[[ Input for this task, beginning ]]

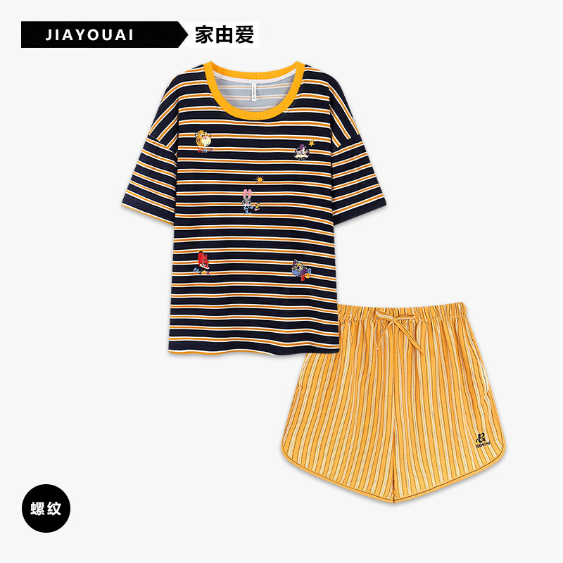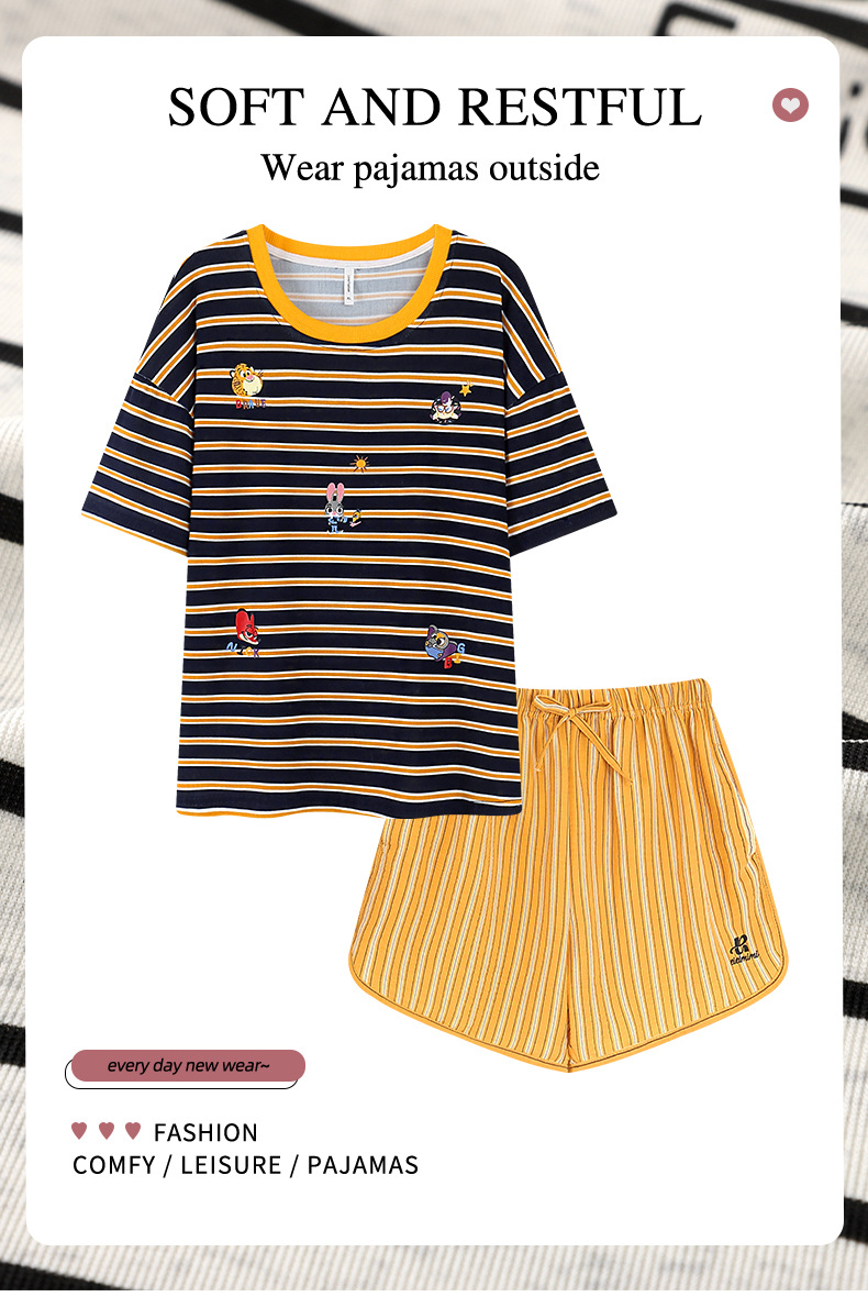 여성용 스트라이프 잠옷 여름 만화 프린트 반팔 대학 스타일 플러스 사이즈 반바지 세트는 얇은 가정복 외부에 착용 가능스토어 가기
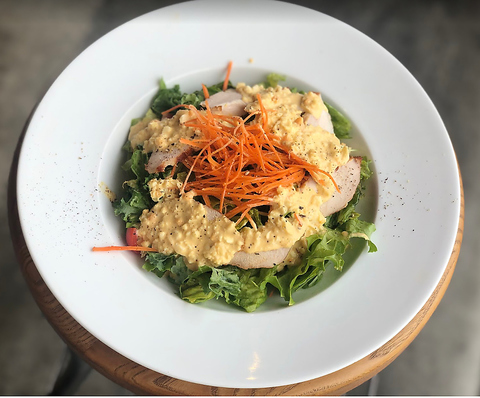特製スパイスで味付けしたオリジナルソーセージ。脂味の美味しい三河もち豚100%使用。無農薬野菜のサラダ添え。
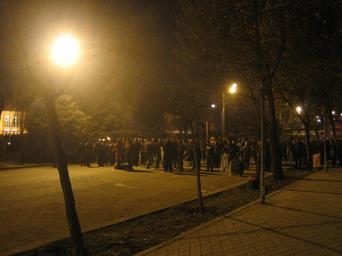 | Keywords: Armenian Presidential Elections 2008 Protest Day 11 - 1205AM Activist Frontlines.jpg The 11th day of Armenian presidential election protests At 7 30 am the peaceful camp-in protest at Liberty Square in Yerevan was violently ended by Armenian special forces which used truncheons and electric shock devices to disperse the crowd of around 1 000 At 12 30 pm a new crowd marches to the French Embassy in a spontaneous demonstration barricade themselves using abandoned police buses and grow in number to around 150 000 By 12 am about 2 000 demonstrators are left barricaded <br/><br/>This picture 12 am shows the activist front lines about 500ft southwest of the police front lines at Shahumyan Square Note the riot shields confiscated from police and the police bus barricade in the background right Activists hold long metal rods and have some Molotov cocktails ready No firearms or grenades were seen despite government reports Own 2008-03-02 Serouj 40 10 32 19 N 44 30 25 61 E Demonstrations and protests relating to the Armenian presidential elections 2008 |
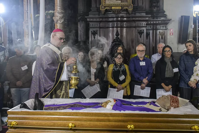 Acompanhe ainda um trecho da homilia do padre Nadai durante a Missa Exequial, realizada no dia 25 de Setembro, presidida por Dom João Inácio Müller e concelebrada por diversos bispos, padres e diáconos — entre eles o Cardeal Dom Odilo Pedro Scherer, Arcebispo Metropolitano de São Paulo, e o Bispo de Ipameri (GO), onde Dom Gilberto iniciou seu episcopado.
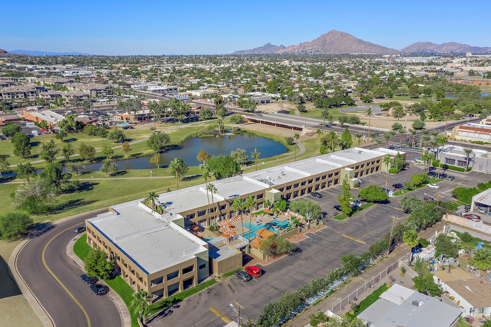Med et ophold ved Scottsdale Parkview Resort befinder du dig i hjertet af Scottsdale, kun få skridt fra Vista Del Camino Park og 2 minutters kørsel fra Coronado Golf Course. Dette hotel ligger 2,7 km fra Desert Botanical Garden og 3,8 km fra Greenbaum Surgery Center. Føl dig hjemme i et af de 130 aircondition-afkølede værelser, der indeholder køleskab og mikrobølgeovn. Der er et 55-tommers fladskærms-tv med satellitkanaler, som sørger for underholdningen, og med gratis Wi-Fi kan du altid komme på nettet. Badeværelserne har designertoiletartikler og hårtørrer. Faciliteter inkluderer skriveborde og kaffe-/temaskiner, samt telefoner med gratis lokalopkald. De viste afstande er afrundet til nærmeste 0,1 kilometer.
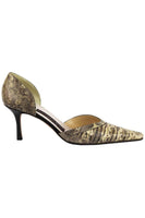 - These d'orsay pumps by Rickard Shah are a classic style that will never date, made in Italy from brown and cream lizard, they have pointed toes and comfortable 63 mm heels to take you from morning meetings to dinner with friends.
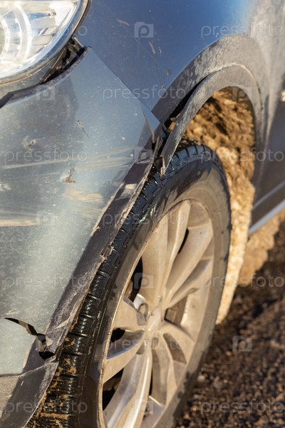 Передняя часть серого кроссовера повреждена в результате аварии на дороге. Концепция ремонта автомобиля или страхования автомобиля. Переднее крыло, легкие повреждения и царапины на бампере
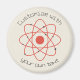 Custom magnets with curved text and atom structure, ideal for any science themed event.
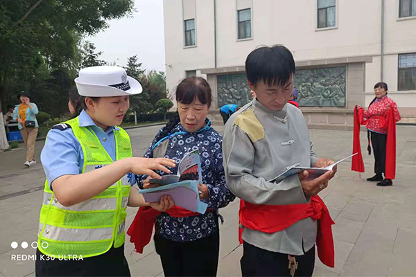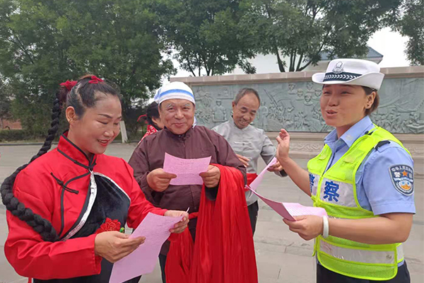 活動現(xiàn)場,民警向演員發(fā)放宣傳彩頁和交通安全常識讀本,面對面向大家普及道路交通安全知識,講解無證駕駛、酒后駕駛、違法載人、駕無牌無證車等交通違法行為的危險后果,并著重普及摩托車、電動車騎乘人員不按規(guī)定佩戴安全頭盔、機動車駕駛員不系安全帶等交通違法行為的危害性。引導群眾要摒棄交通陋習,自覺抵制交通違法行為,安全文明出行,共同創(chuàng)造安全有序、暢通文明的道路交通環(huán)境。

[[ Input for this task, end ]]

- Instructions to follow: Repeat everything in the entries above word for word, excluding the images.

- Output:
 여성용 스트라이프 잠옷 여름 만화 프린트 반팔 대학 스타일 플러스 사이즈 반바지 세트는 얇은 가정복 외부에 착용 가능스토어 가기
特製スパイスで味付けしたオリジナルソーセージ。脂味の美味しい三河もち豚100%使用。無農薬野菜のサラダ添え。
 | Keywords: Armenian Presidential Elections 2008 Protest Day 11 - 1205AM Activist Frontlines.jpg The 11th day of Armenian presidential election protests At 7 30 am the peaceful camp-in protest at Liberty Square in Yerevan was violently ended by Armenian special forces which used truncheons and electric shock devices to disperse the crowd of around 1 000 At 12 30 pm a new crowd marches to the French Embassy in a spontaneous demonstration barricade themselves using abandoned police buses and grow in number to around 150 000 By 12 am about 2 000 demonstrators are left barricaded <br/><br/>This picture 12 am shows the activist front lines about 500ft southwest of the police front lines at Shahumyan Square Note the riot shields confiscated from police and the police bus barricade in the background right Activists hold long metal rods and have some Molotov cocktails ready No firearms or grenades were seen despite government reports Own 2008-03-02 Serouj 40 10 32 19 N 44 30 25 61 E Demonstrations and protests relating to the Armenian presidential elections 2008 |
 Acompanhe ainda um trecho da homilia do padre Nadai durante a Missa Exequial, realizada no dia 25 de Setembro, presidida por Dom João Inácio Müller e concelebrada por diversos bispos, padres e diáconos — entre eles o Cardeal Dom Odilo Pedro Scherer, Arcebispo Metropolitano de São Paulo, e o Bispo de Ipameri (GO), onde Dom Gilberto iniciou seu episcopado.
Med et ophold ved Scottsdale Parkview Resort befinder du dig i hjertet af Scottsdale, kun få skridt fra Vista Del Camino Park og 2 minutters kørsel fra Coronado Golf Course. Dette hotel ligger 2,7 km fra Desert Botanical Garden og 3,8 km fra Greenbaum Surgery Center. Føl dig hjemme i et af de 130 aircondition-afkølede værelser, der indeholder køleskab og mikrobølgeovn. Der er et 55-tommers fladskærms-tv med satellitkanaler, som sørger for underholdningen, og med gratis Wi-Fi kan du altid komme på nettet. Badeværelserne har designertoiletartikler og hårtørrer. Faciliteter inkluderer skriveborde og kaffe-/temaskiner, samt telefoner med gratis lokalopkald. De viste afstande er afrundet til nærmeste 0,1 kilometer.
 - These d'orsay pumps by Rickard Shah are a classic style that will never date, made in Italy from brown and cream lizard, they have pointed toes and comfortable 63 mm heels to take you from morning meetings to dinner with friends.
 Передняя часть серого кроссовера повреждена в результате аварии на дороге. Концепция ремонта автомобиля или страхования автомобиля. Переднее крыло, легкие повреждения и царапины на бампере
 Custom magnets with curved text and atom structure, ideal for any science themed event.
 活動現(xiàn)場,民警向演員發(fā)放宣傳彩頁和交通安全常識讀本,面對面向大家普及道路交通安全知識,講解無證駕駛、酒后駕駛、違法載人、駕無牌無證車等交通違法行為的危險后果,并著重普及摩托車、電動車騎乘人員不按規(guī)定佩戴安全頭盔、機動車駕駛員不系安全帶等交通違法行為的危害性。引導群眾要摒棄交通陋習,自覺抵制交通違法行為,安全文明出行,共同創(chuàng)造安全有序、暢通文明的道路交通環(huán)境。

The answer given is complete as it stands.